Last week I gave a presentation on "Web Application Vulnerabilities" as part of our weekly Dev meetup at ThoughtWorks. The presentation was aimed at covering some vulnerabilities and risks that plague Web based applications, and to make folks aware of risks and possible mitigation options. In specific, topics covered were Phishing, Social Engineering, Cookies and Cross Site Request Forgery (CSRF or XSRF). As a continuation to the presentation, I felt that writing a blog on it would crystallize the information I had collected and make it available to a larger audience.
Note: As per conventions, Malice = Malicious user. Alice = Unsuspecting user.
Phishing: Phishing is a form of Social Engineering attack, where-in Malice tries to trick people into handing over their sensitive data and passwords. The premise is that its much easier to trick a person into giving their information, than attempting to hack a website. So, for instance -- if on an IM chat, someone shares a link to a Photo sharing web site, which directs a user to a login screen that looks like Google Accounts login page -- with a message "Please enter your Google credentials" to login --- and Alice enters her Google password, she would have exposed her sensitive data to someone else! This is called a Phishing attack. The internet is strewn with sites explaining how to create such fake websites. As an example check out this Link. The author of this page, has listed steps on how to create fake pages for a website, and then at the end has attached a zip containing pre-created fake pages of many popular websites for download!

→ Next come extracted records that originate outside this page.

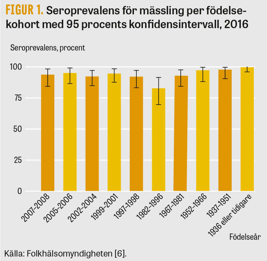 Material till en ny studie samlades in av Folkhälsomyndigheten under 2016, då man använde sig av överblivna prov från öppenvården som samlats in vid laboratorier för klinisk kemi. På grund av covidpandemin försenades analyserna, och rapporten publicerades inte förrän 2025 [6]. Liksom i tidigare undersökningar sågs en hög immunitet mot mässling i befolkningen med en övergripande seroprevalens på 93 procent. Högst seroprevalens och antikroppsnivåer hade de äldre åldersgrupperna, där de flesta sannolikt haft mässling, medan yngre åldrar som omfattats av vaccinationsprogram hade lägre. Lägst seroprevalens (83 procent; 95 procents konfidensintervall 70–92 procent) sågs bland personer födda 1982–1996. Denna grupp inkluderade de äldsta individerna som vaccinerats med två doser MPR-vaccin sedan det infördes i barnvaccinationsprogrammet 1982. Eftersom antalet personer i åldersgruppen var relativt litet (knappt 100 individer), åldersspannet brett och konfidensintervallen vida, måste dock denna lägre seroprevalens tolkas med försiktighet. Dessutom gjordes inte något slumpmässigt urval av prov, vilket innebär att proven inte nödvändigtvis är representativa för befolkningen (Figur 1).
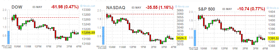 Нисхождение индексов продолжается уже третий день кряду, и основной темой пока остается состояние американского рынка труда. На днях разочаровывал индикатор занятости ADP, а сегодня негативом для участников торгов стали ключевые данные по занятости в несельскохозяйственных отраслях за апрель - показатель увеличился на 115 тыс, т.е. еще слабее, чем месяцем ранее, и существенно слабее средних ожиданий. Занятость в обрабатывающей промышленности выросла лишь на 16 тыс по сравнению с 37 тыс месяцем ранее. Средняя почасовая зарплата в апреле стагнировала (нулевое изменение после роста на 0,2% месяцем ранее), а уровень безработицы снизился с 8,2% до 8,1%, однако в силу особенности расчетной формулы показателя само по себе это снижение далеко не всегда свидетельствует об улучшении ситуации на рынке труда - в данном случае такое изменение было связано с банальным сокращением количества людей, ищущих работу.
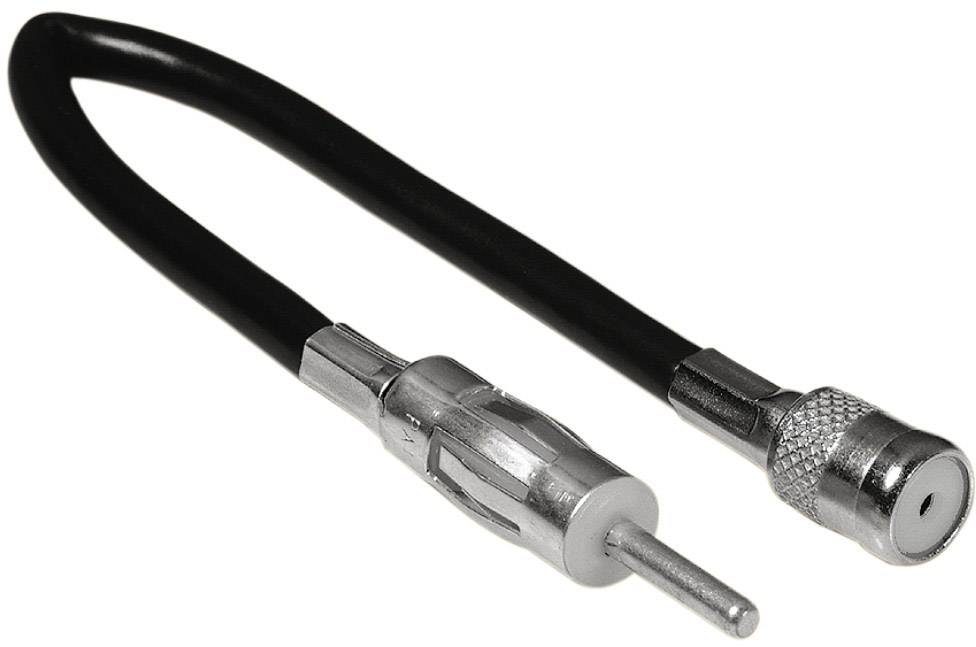 Zum Anschluss der fahrzeugspezifischen Antenne an ein nachgerüstetes Autoradio bzw. Fremdfabrikat · Adapter für 50 Ohm (ISO)-Antennenkabel und ein Autoradio mit Standardeingang (150 Ohm) · Ausführung: ISO-Kupplung - DIN-Stecker.
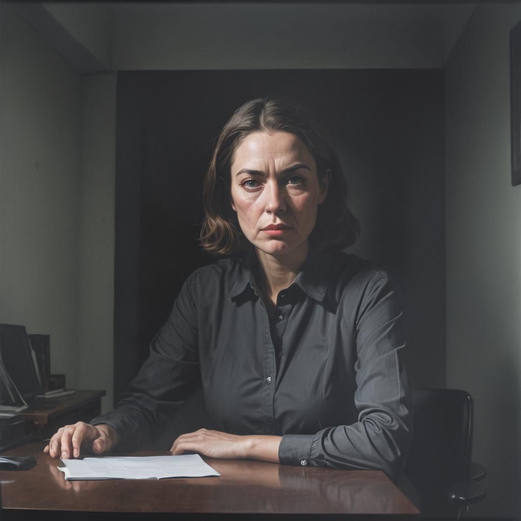 This image shows a man at a desk in a dark room, with a large female face superimposed. The photorealistic image features a small window as a light source.
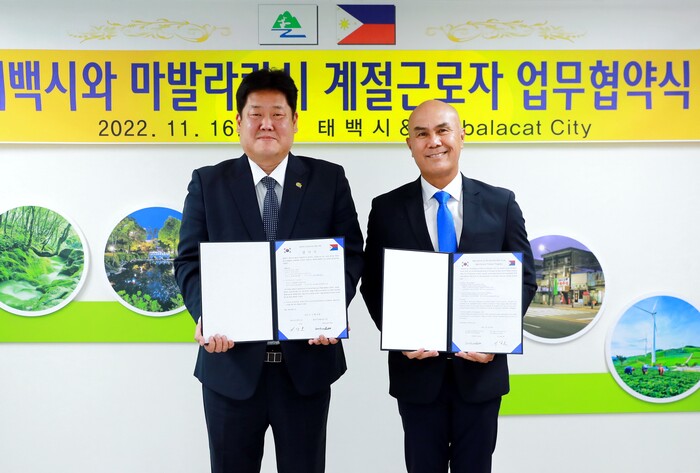 [로컬세계=박상진 기자]강원 태백시는 농촌노동력 부족 해결을 위해 지난 16일 태백시장 집무실에서 필리핀 팜팡가주 마발라캇시와 외국인 계절근로자 교류에 관한 양해각서 협약(MOU)을 체결했다고 17일 밝혔다.
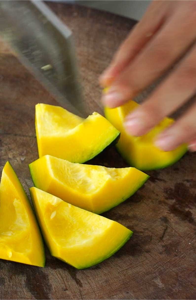 然后再将贝贝南瓜切成大小合适的块儿,南瓜的皮不用削掉。将切好的南瓜放进大碗之中。
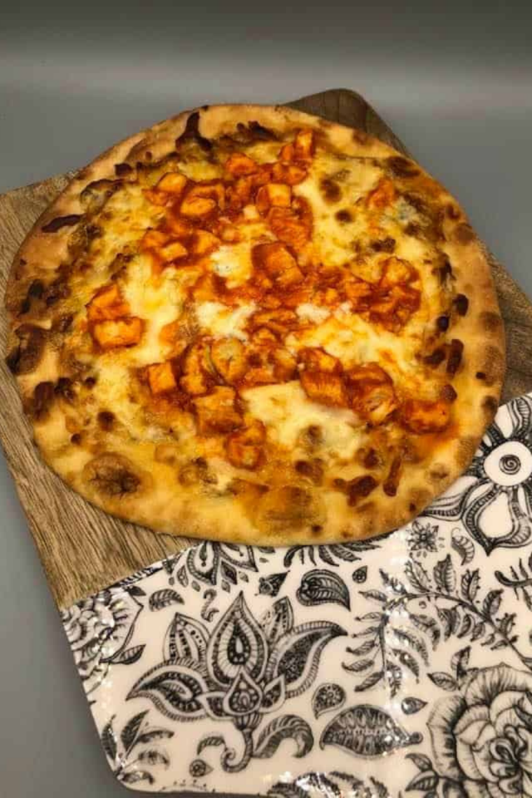 Crispy naan is topped with tender buffalo chicken, gooey melted cheese, and your favorite ranch or blue cheese drizzle for the ultimate flavor combo.
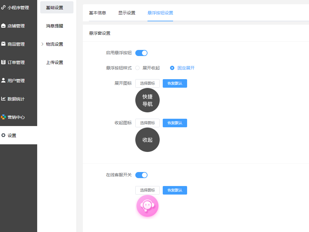 进入华青商城管理后台,设置——基本设置——悬浮按钮设置,启用悬浮按钮,在线客服开关打开,添加好了后,小程序首页刷新一下,首页右下角就会显示出来客服入口。
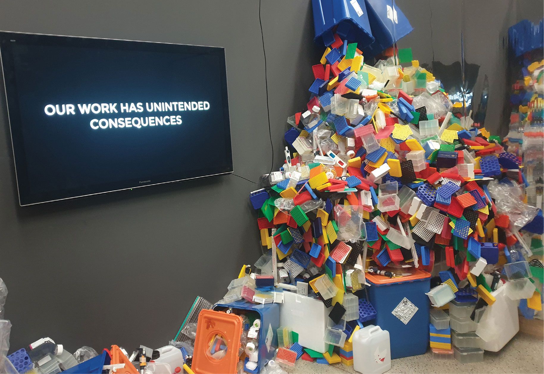 Plastic consumables pile up as waste in many wet labs. An exhibition last winter at the Lakenhal Museum in Leiden, the Netherlands, aimed to motivate scientists and the public to find ways to make science more sustainable.

So, as Web Application developers, it is imperative that we are aware of such risks, and can help our customers prevent Phishing vulnerabilities on their sites -- because information on hacking, phishing and other attacks is now easily available to any malicious attacker.
To address the problems of Phishing, one can develop solutions along two lines:
- Prevention: Solutions to help users of a website identify a Phishing attack, or to make it difficult for an attacker to create a Phishing website.

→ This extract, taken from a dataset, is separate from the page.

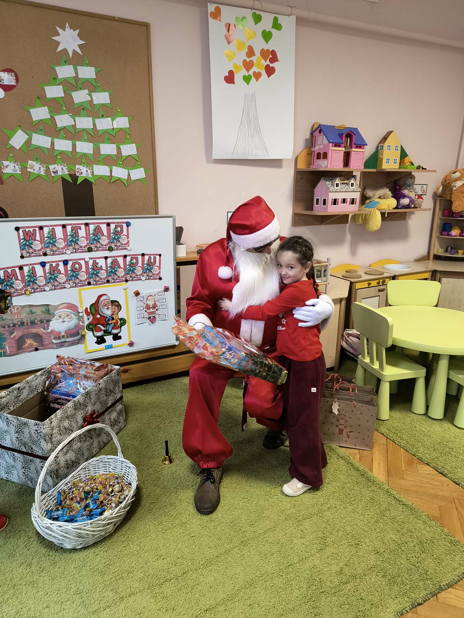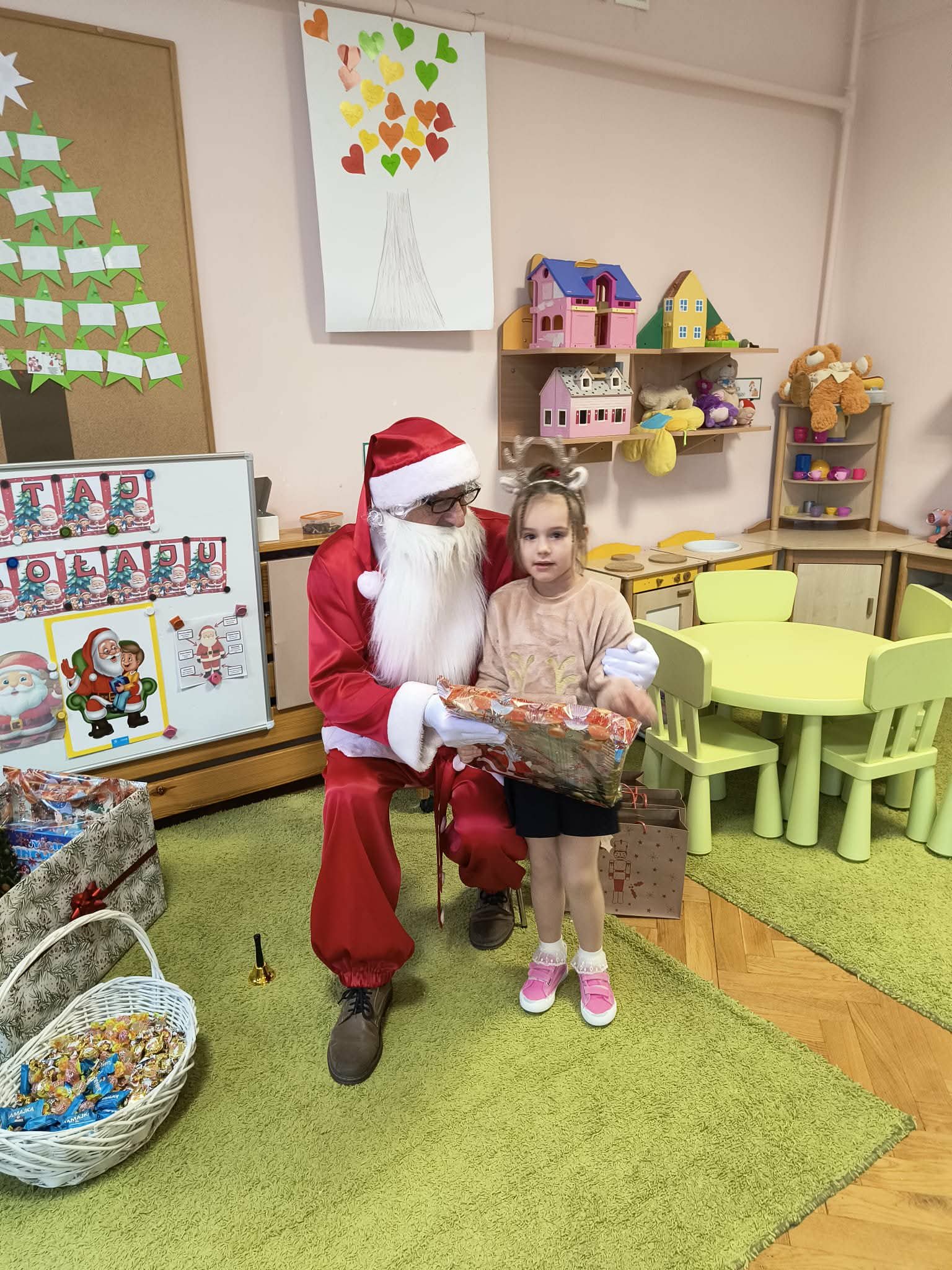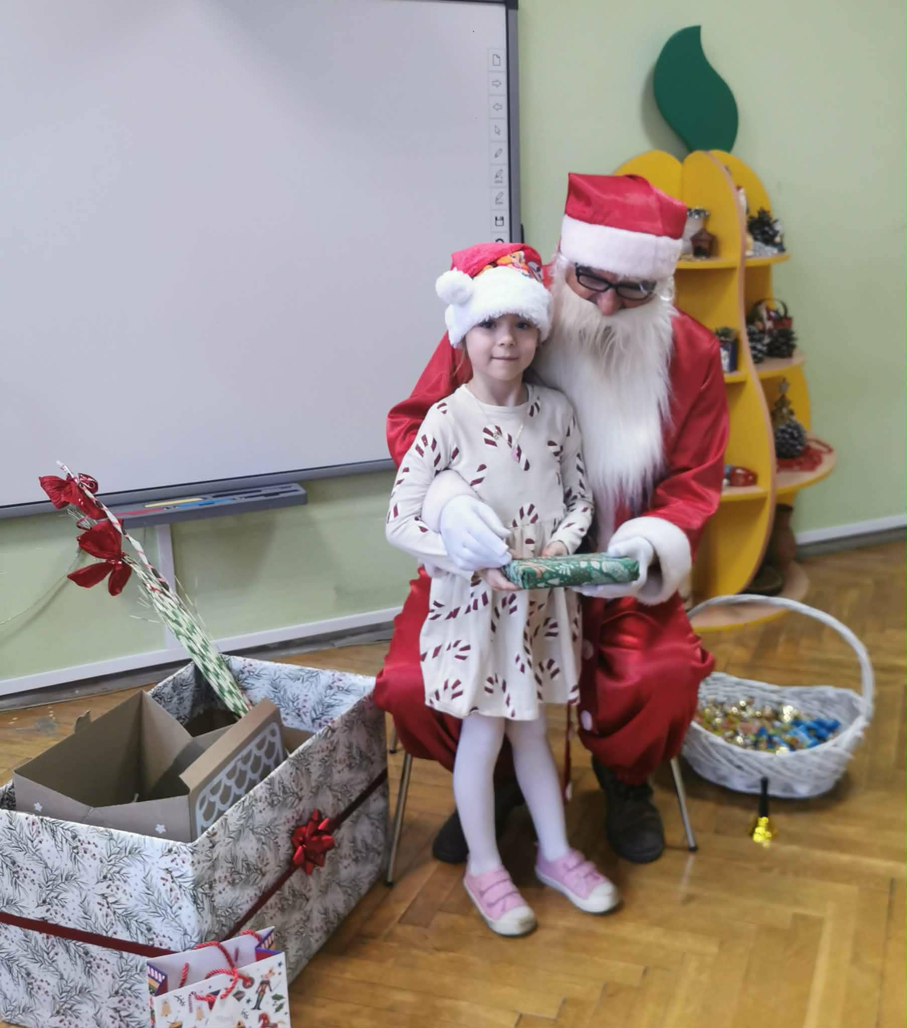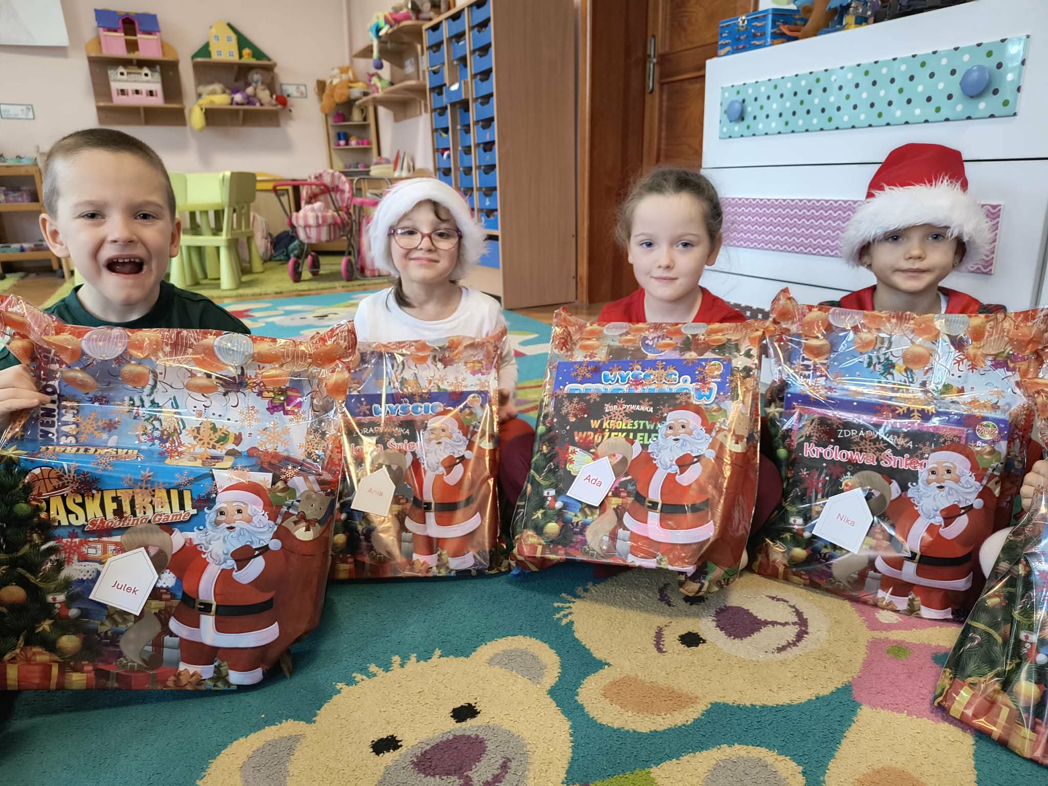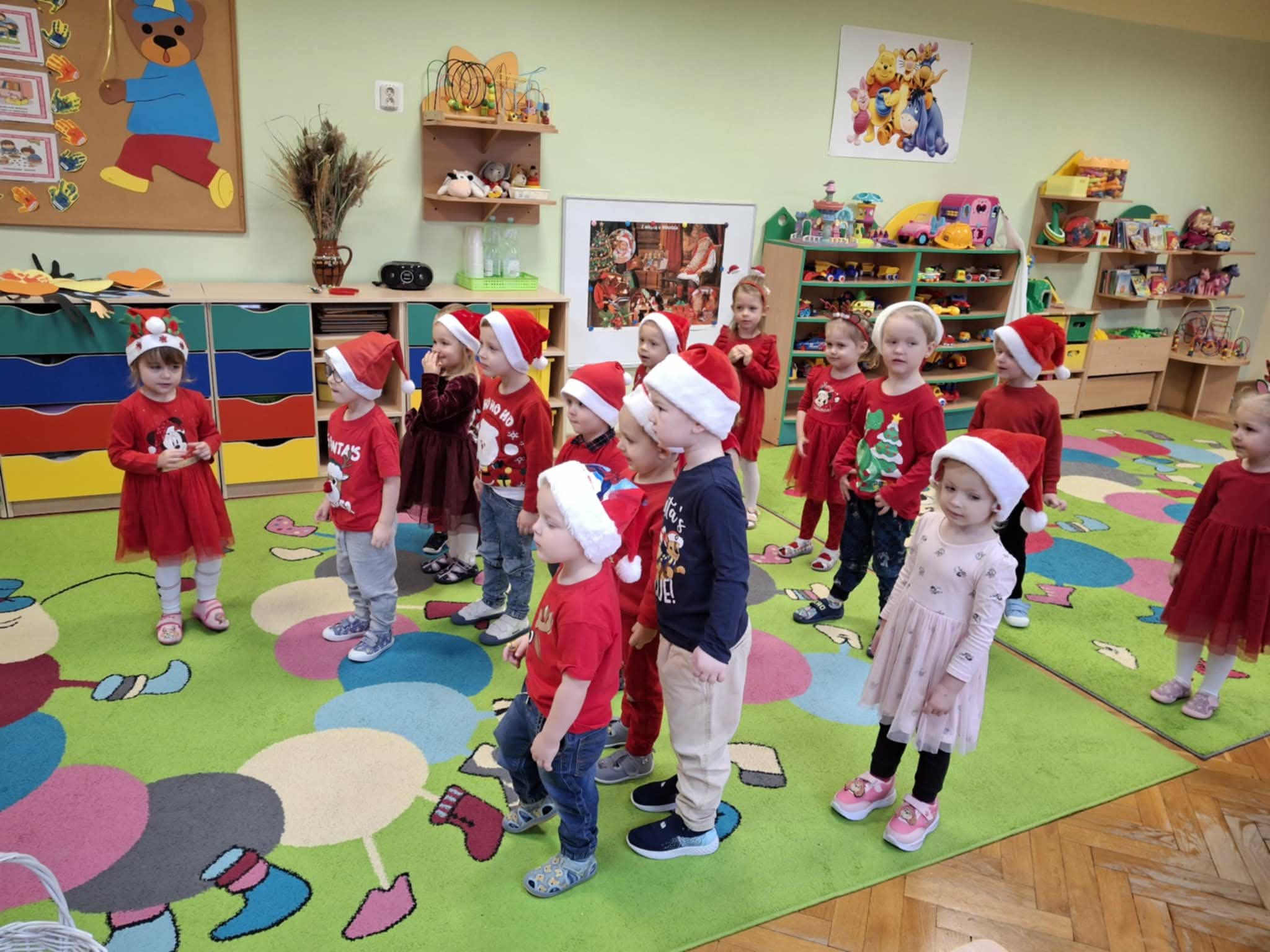 Kulminacją świątecznych przygotowań była wizyta Świętego Mikołaja, która odbyła się 5 grudnia. Przedszkole wypełniło się atmosferą radości, świątecznych dźwięków i ekscytacji. Dzieci z wielkim przejęciem oczekiwały na przybycie gościa. Gdy Mikołaj pojawił się w przedszkolu, powitały go przygotowanymi wcześniej piosenkami, które zaśpiewały z ogromnym entuzjazmem.

- Protection: Solutions and strategies around Protecting user data, money, or other sensitive information, even if user information like login credentials have been compromised via a Phishing attack.
- SSL/Digital Certificates: Whenever a user visits an SSL secured website (i.e. over an HTTPs connection) on their browser, some browsers will display the name of the organization that owns the website by inspecting the digital certificate presented by the site. Also, if the certificate has issues, is expired, etc, then the browser pops up a warning. If a user checks the PAD lock icon to ensure the authenticity of the website, then the user can be sure he is not submitting his data to some malicious user. All websites of any standing will use SSL/Digital Certificates nowadays to help users identify their websites. This has an additional advantage that all communication between the browser and the user is encrypted -- to avoid a man-in-the-middle attack. So, this strategy is a "Prevent" strategy -- though, unfortunately not sufficient enough. Most successful Phishing attacks have targeted sites that are SSL enabled, and most naive (and sometimes even smart) users do not check to see if the page is SSL enabled or not - leave alone verifying certificate owner, etc. Furthermore, getting a Signed Certificate for a website isn't complicated or expensive, and hence even though the page is served over an encrypted connection, its "destination" could very easily be malicious. Hence, SSL based security is good, but no longer sufficient to prevent Phishing attacks.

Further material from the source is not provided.